**DATA FOR ANALYSIS**
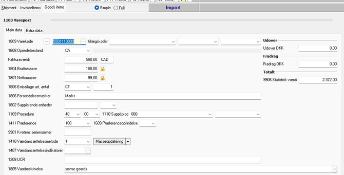 When you have added the relevant information you want to add on Shipment Level, then you can go to "Goods items" and add goods items lines.
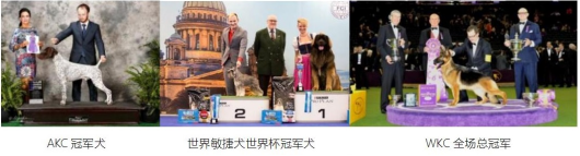 冠能宠粮不仅受到普通萌宠主的青睐,世界级赛事之一——WKC西敏寺犬展的冠军狗狗,和他们的主人也是冠能宠粮的忠实粉丝。
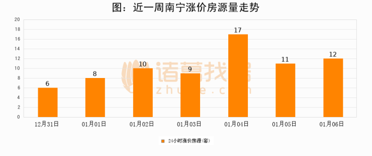 根据诸葛找房数据显示,南宁24小时涨价房源量为12套,较01月05日增加1套,环比上涨9.1%。与此同时,涨价房源占比小幅扩大,业主信心有所提升。
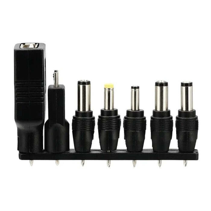 Sedem možnostíKompaktný sieťový adaptér ľahko nahradí všetky nabíjačky, ktoré doma máte. K dispozícii je 7 konektorov, ktoré sú rozdelené na USB a DC zakončenie. USB konektor je zastúpený dvakrát v podobe micro USB vidlice a USB-A zásuvky, zatiaľ čo DC konektorov je hneď 5 av rôznych veľkostiach: 1,35x3,5mm/1,7x4mm/2,1x5mm/1,5x5,5mm/2,5x5 ,5mm. |
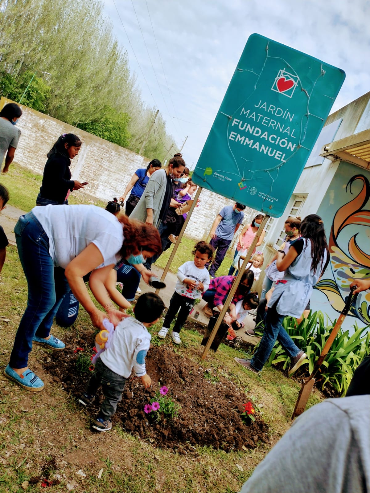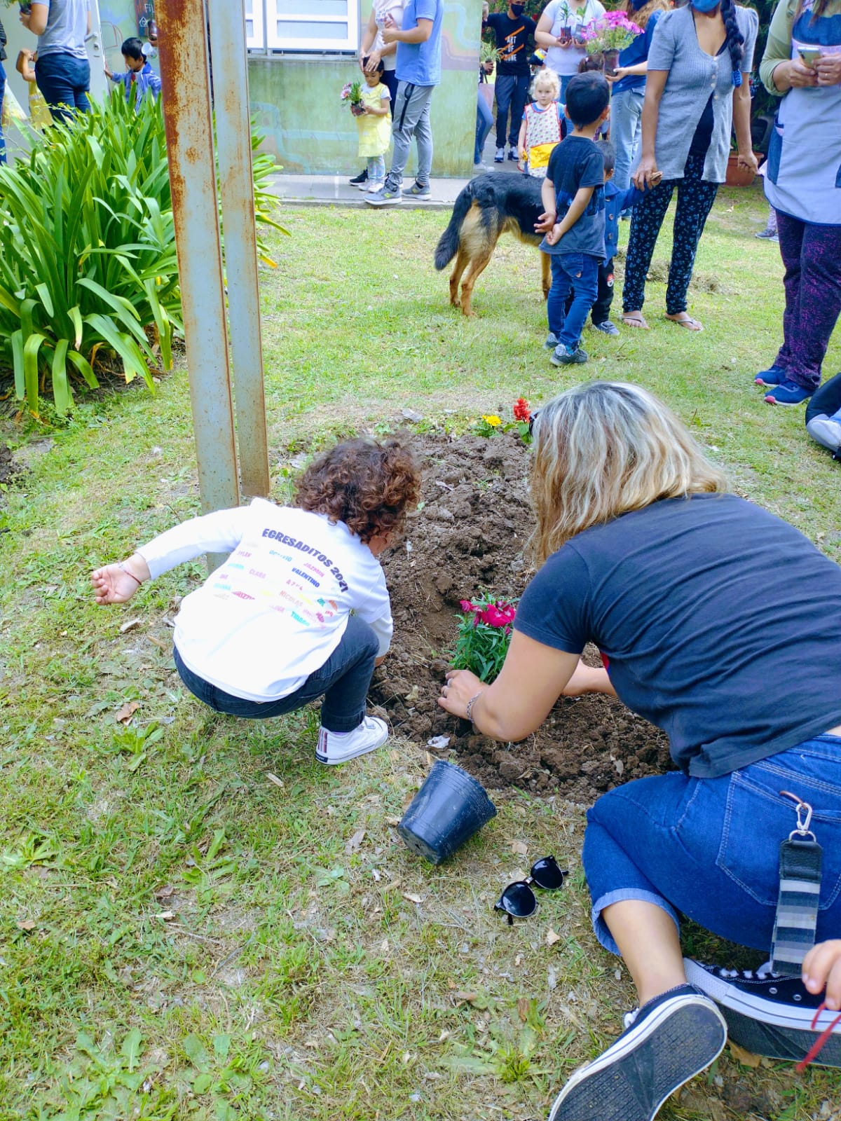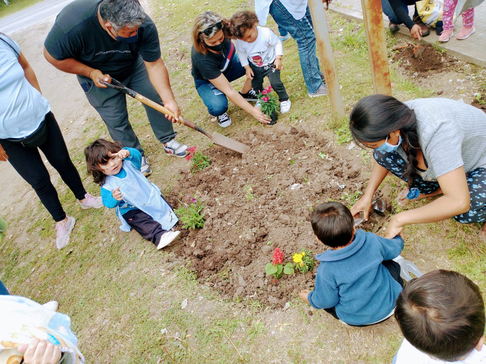 Junto a las familias decidimos que una linda y tierna forma de celebrar su día era plantar junto a sus niños/as flores de muchos colores en el parque del maternal.

**WHAT THE EXERCISE ASKS**
All the data above is to be transcribed exactly, with no pictures included.

**OUTPUT FOR THIS TASK**
 When you have added the relevant information you want to add on Shipment Level, then you can go to "Goods items" and add goods items lines.
 冠能宠粮不仅受到普通萌宠主的青睐,世界级赛事之一——WKC西敏寺犬展的冠军狗狗,和他们的主人也是冠能宠粮的忠实粉丝。
 根据诸葛找房数据显示,南宁24小时涨价房源量为12套,较01月05日增加1套,环比上涨9.1%。与此同时,涨价房源占比小幅扩大,业主信心有所提升。
 Sedem možnostíKompaktný sieťový adaptér ľahko nahradí všetky nabíjačky, ktoré doma máte. K dispozícii je 7 konektorov, ktoré sú rozdelené na USB a DC zakončenie. USB konektor je zastúpený dvakrát v podobe micro USB vidlice a USB-A zásuvky, zatiaľ čo DC konektorov je hneď 5 av rôznych veľkostiach: 1,35x3,5mm/1,7x4mm/2,1x5mm/1,5x5,5mm/2,5x5 ,5mm. |
 Junto a las familias decidimos que una linda y tierna forma de celebrar su día era plantar junto a sus niños/as flores de muchos colores en el parque del maternal.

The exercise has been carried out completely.